South Korean Paper Accuses U.S. of Stalling Talks with North Korea

"U.S. Blamed for Stalling Talks with NK" was the headline in the May 29 Korea Times headline, a thinly disguised leak from South Korea's Presidential palace aimed to pressure the utopians in the Bush Administration to stop the sabotage. "The envisioned dialogue between North Korea and the United States has long been delayed because key policymakers in the U.S. Administration have shown conflicting approaches, according to sources in Seoul," the KT wrote. Talks were originally to take place in June with a visit to Pyongyang by U.S. Ambassador Jack Pritchard, arranged in April at a meeting of North Korean leader Kim Jong-il and President Kim Dae-jung's special envoy, Lim Dong-won.
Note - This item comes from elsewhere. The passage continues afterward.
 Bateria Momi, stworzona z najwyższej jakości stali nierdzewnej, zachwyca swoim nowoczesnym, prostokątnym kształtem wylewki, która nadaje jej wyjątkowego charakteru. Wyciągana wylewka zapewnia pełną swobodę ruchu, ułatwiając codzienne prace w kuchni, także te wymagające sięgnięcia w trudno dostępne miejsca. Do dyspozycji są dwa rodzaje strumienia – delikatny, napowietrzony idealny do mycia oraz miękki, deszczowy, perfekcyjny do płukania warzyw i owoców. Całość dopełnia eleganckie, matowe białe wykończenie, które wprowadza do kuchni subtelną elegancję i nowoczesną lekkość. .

"Sources attribute the delay to the failure of the U.S. in working out a delegation, timing, and a specific agenda for the talks. The functional specialists in the U.S. State Department, represented by Under Secretary John Bolton, have been disputing with regional (Asia) specialists led by Assistant Secretary James Kelly," they report, with lunatic Bolton insisting the U.S. must "mobilize for military options against Pyongyang" and "[wield] considerable clout in the U.S. foreign policy arena."

"Pentagon officials have been maintaining the upper hand over State Department counterparts on security issues, including those on the Korean peninsula," another "observer" was quoted as saying. The Pentagon (that is, the Wolfowitz-Perle utopians) he said, are "insisting on no dialogue for its own sake," to wit: We won't talk just to talk; we must first be assured of the results we demand. Their demands include deal-breakers such as the ultimatum that North Korea remove its million-man army from the edge of the Demilitarized Zone between the two Koreas.
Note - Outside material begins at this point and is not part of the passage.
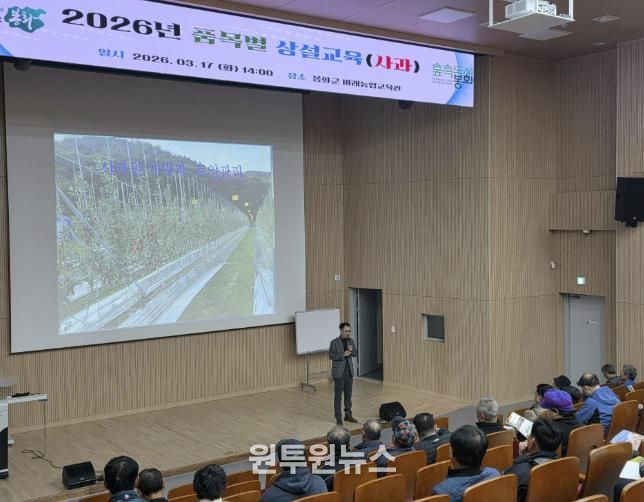 (원투원뉴스) 봉화군은 지역 주력 소득작목인 사과의 품질을 높이고 전문 농업인을 육성하기 위해 17일 농업기술센터 미래농업교육관에서 사과원 조성 및 재배기술 교육을 개최했다.

Japanese Paper: China Taking 'Anti-Free-Trade' Actions To Protect State Industries

China is having to take "anti-free-trade" actions to protect state-run industries, even after having joined the World Trade Organization (WTO), the Japanese paper Asahi Shimbun reported May 29. Beijing "is likely to incur the wrath of other nations with its anti-free-trade actions, such as tariffs on steel imports and anti-dumping investigations into chemicals," the article stated.

In accordance with WTO rules, Beijing lowered steel tariffs in January, but, especially after the U.S. imposed its "safeguard import curbs," China's steel imports from Japan and other countries jumped 28% year-on-year during January-April. The price of thin steel sheets has fallen 15%, and large steel producers have faced profit crashes of 6-7%.

Also, Chinese enterprises have complained about the dumping of foreign chemical products. Hebei Cangzhou Dahua Co., a big chemical producer, is down to working at only several thousand tons of its 30,000-ton manufacturing capacity, due to low-cost imports.

The China Business Times on May 20, according to Asahi, complained that the government moves towards reintroducing protection would prop up weaker state enterprises and force consumers to use lower-quality Chinese steel. "Private firms ... have been betrayed by the government's change in tactics. Beijing wants to protect state-run firms to prevent a surge in unemployment," complained the Asahi article.